I did run into something this week with my critique partners. We all have a different style.We send three chapters or so a week. But one set of advice wanted me to delete whole sections of my book that I normally would have with any other book, but I felt those sections shaped my character.

I struggle with what to do, and finally decided to leave some in and work the other parts into dialogue. But I had other people read it who loved those parts and didn't want any deleted.
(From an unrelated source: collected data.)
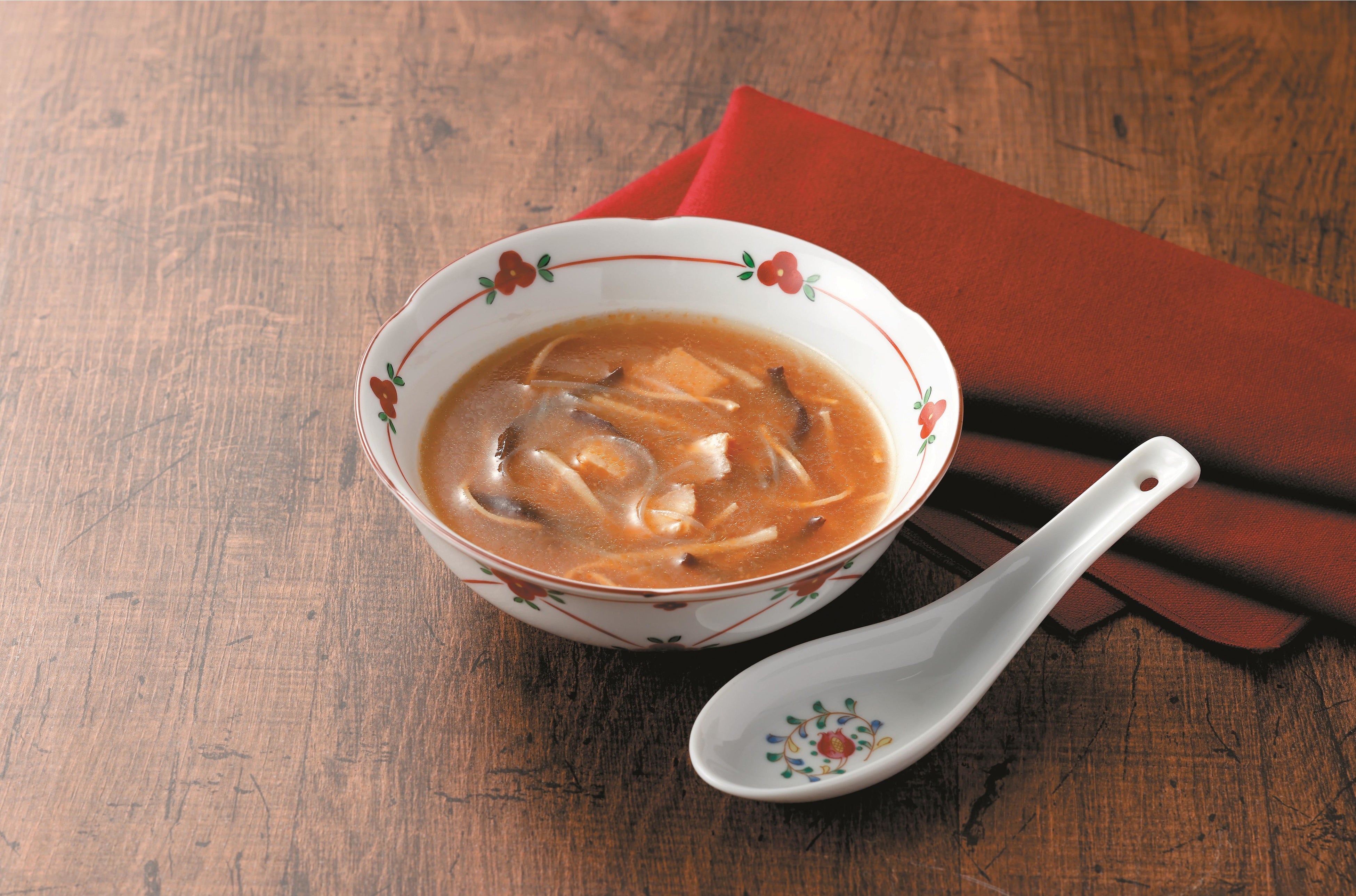 暑い夏場に辛味と酸味の爽やかな刺激を与える”酸辣湯”をお楽しみください。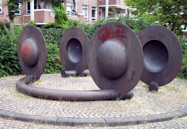 Statenkwartier, in de wijk Maaspoortafmetingen: (dikte balken) 25 x 21 cm; (doorsnede cirkel) 380 cm; (doorsnede schijven) 150 cmmateriaal: zwartgespoten plaatstaal, stalen balk op bakstenen plateau datering: 1987 vervaardigd door: Dori van Noort Op een cirkelvormig bakstenen verhoging zijn twee ellipsvormige balken in de vorm van twee halve cirkels bevestigd, met een kleine ruimte tussen de vier uiteinden. Op beide balken zijn symmetrisch twee staande stalen schijven bevestigd. De schijven hebben een verdikking in het midden (20 cm), met daar omheen een rand (dikte 1 cm, breed 35 cm). Het kunstwerk is in opdracht van de gemeente geplaatst in het kader van de stadsverfraaiing. | 106 |
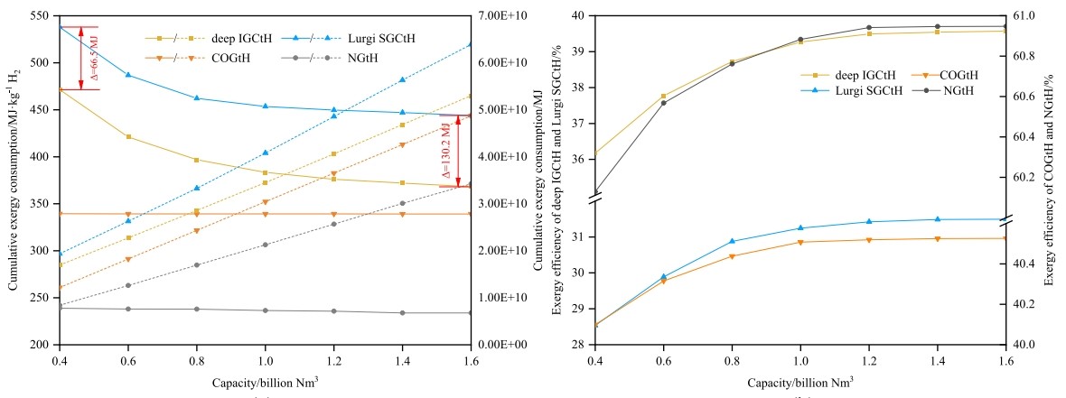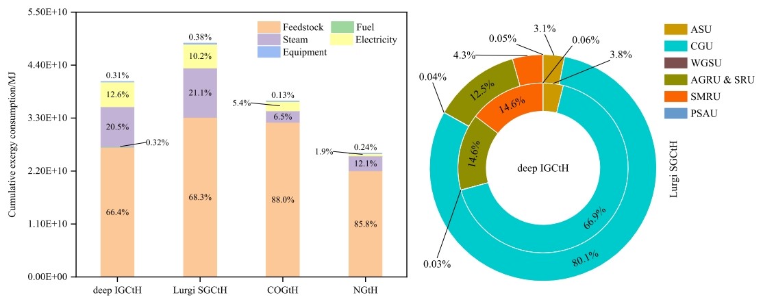 该成果基于世界上唯一的千米级深部煤炭原位气化试验数据,运用㶲分析方法,以㶲平衡方程为基础,结合过程模拟手段,计算了深部煤炭原位气化制氢从原煤开始到氢气产品产出的㶲损失、分布,将㶲损失细分为可避免/不可避免内部损失与可避免/不可避免外部损失四类,进一步分析用能薄弱环节,确定提高㶲效率的方法、手段。同时,针对传统㶲分析方法视角下效率指标存在㶲不等价与无法计入非连续投入能量等问题,创新提出以考虑设备因素的积累㶲消耗(CExC)作为衡量过程㶲效率的指标,据此明确深部煤炭原位气化制氢在效率方面的竞争力。结果表明,深部煤炭原位气化制氢㶲损失中存在39.9%的不可避免,而甲烷重整和深部地下气化具有最大的改进潜力,充分说明通过改进其他过程单元或优化工艺结构可实现热力学性能的改善。在产出每千克氢气时深部煤炭原位气化制氢的CExC仅为传统煤炭地面气化制氢的83.6%,表明其是一种更高效的路线,优势随着规模的增大会更加明显,同时投资、成本方面相比后者也具有显著优势。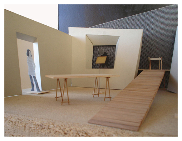 1 (UNA) RAMPA divide asimmetricamente il fondale. Realizzata con assi di legno unisce il piano della scena ad un “piano superiore”, posto a circa 80 cm. Su di esso si trova una sedia rappresentante “la stanza insonorizzata” – la stanza degli esperimenti -, nella quale verrà “annullato” Lamb. La rampa allude anche ad una “virtuale” separazione, non facilmente intuibile, tra lo spazio del “soggiorno” e quello dello “studio”. – soggiorno – e – studio – vivono nello stesso spazio ed interagiscono mutuamente: “ la rampa” è la poltrona, il divano, la sedia a seconda della necessità. La separazione dei luoghi è avviene grazie a fasci di luce che illumineranno punti diversi delle “quinte” e della “rampa”.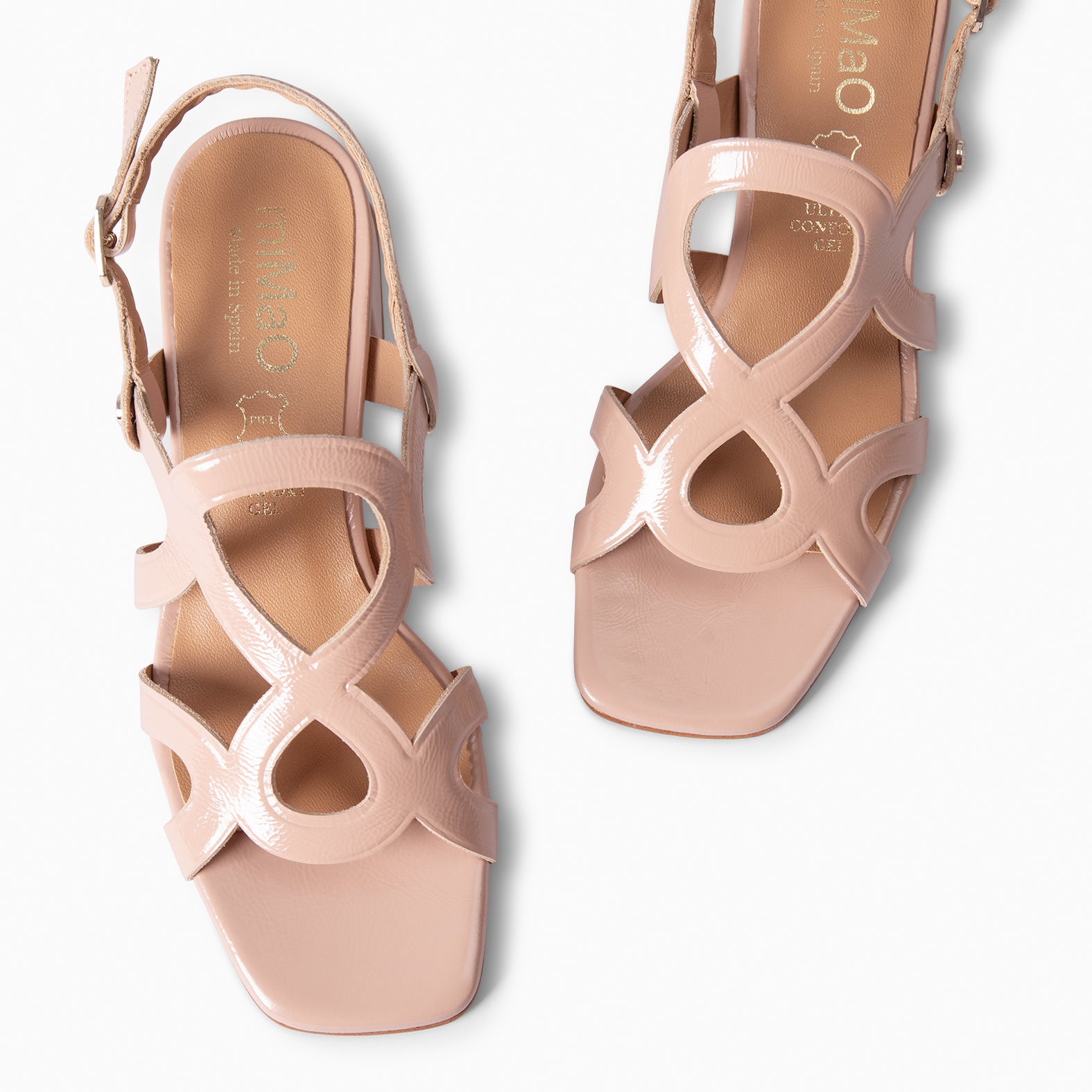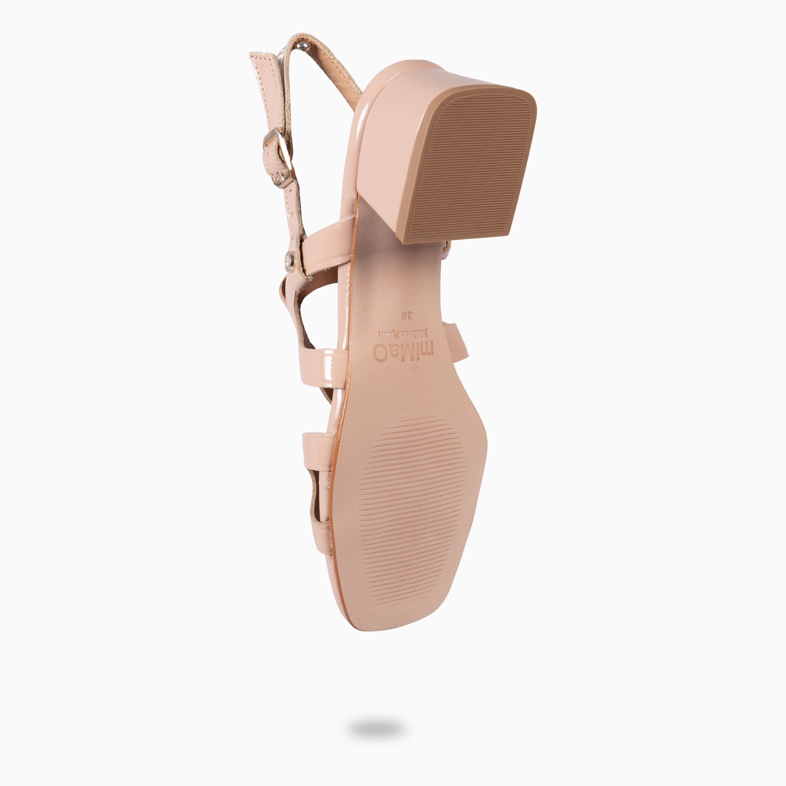SARA - NUDE WIDE HEELED SANDALS SHOES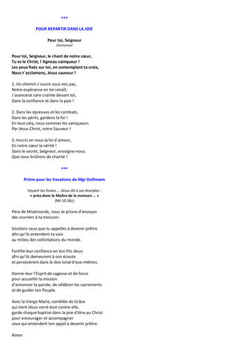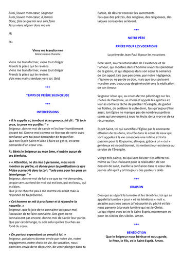 Seigneur Jésus qui, au cours de ton pèlerinage sur les routes de Palestine, as choisi et appelé les apôtres et leur as confié la tâche de prêcher l’Évangile, de guider les fidèles, de célébrer le culte divin, fais qu’aujourd’hui aussi, ton Église ne manque pas de nombreux prêtres saints qui annoncent à tous les fruits de ta mort et de ta résurrection.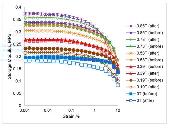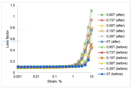 | Magnetic Field | Minimum Loss Modulus (MPa) | Maximum Loss Modulus (MPa) | ||

It comes down to your own gut feeling about what is moving and making your story. It's always a risk too. Maybe my book won't ever get published--maybe I am doing something too different or frowned on but when I wrote it, I felt I really needed to. And in end, you need to feel good about what you write--even if tehre are consequences.

WhisperingWriter said...

I think I need to join a critique group.

I've been re-reading the novel I'm writing and I already know some chapters don't make sense so I'll have to re-write or delete.

Lori said...

I think I prefer the full manuscript critique, although it becomes hard work and it's much more terrifying.

Nat said...

I've never done the critique as you go method. I LOVE my critique group and they always give wonderful feedback, but in the end I know it is my manuscript and I've got to be smart about the advice I take and the advice I leave. In the past I've chosen not to take advice, even some that I thought was excellent, just because it didn't fit into my overall vision for the story.

Anna C. Morrison said...

Other writers I know do exchange at certain intervals, and I think it is because of the change factor. Others wait and submit entire works, but that can be burdensome on the person critiquing the piece, also. I haven't participated in critiques in almost a year, but really do prefer the regular intervals, for consistency, and to allow for change.

Sarah Laurence said...

Your title is just right. I don’t show my MS to anyone until I complete it and have spent some time revising it myself. I was once in a writing group where we shared WIP at an early stage, and it was counter productive to my writing style. Getting advice is good, but you shouldn’t follow all of it. Too many cooks….

Kathryn Magendie said...

I wait until my complete manuscript is done before I ask any reader to read . . . just for the reason you say, and also because I don't want to be confused or whatever - I want to have a solid manuscript and feel confident about where I am going . . . I'm not in a critique group any longer, but this is how I find it to work best for me when I was in a group, and even now - I wait until my manuscript is pretty much done (I've edited it to death) and only then do I think about asking a few readers to peruse it -- I hope to do this with Vk2, we'll see if I have time!

Laura Martone said...

Hi, Susan! Just a quick note (I know I owe you a couple of emails, LOL) - but I wanted to tell you that I've awarded you the Splish Splash Award on my blog. I know you've gotten it already - so don't feel the need to pass it along - but I just couldn't resist honoring your FREAKIN' AWESOME blog!

Shelli said...

forget the award - i want those sparkly shoes!!!!

Weronika Janczuk said...

This post makes me wary of revision, but you're absolutely right--it's a process that we need to take into careful consideration. Yikes. I plan to let my ms sit for a month and then, after revisions, send it off for critique and wait another month or two before I finish up any rewriting.

Thanks, Susan!

Patti said...

I agree with waiting until the end to offer the critique. You might change something that's dealt with later on in the novel or think something doesn't make sense until you read the whole thing.

GutsyWriter said...

As I plan on meeting with a couple of agents at a writers conference in November, I tend to pay a lot of attention to the critiques on my first few chapters. Perhaps this is not a great idea, but I want my work to be sooooo polished.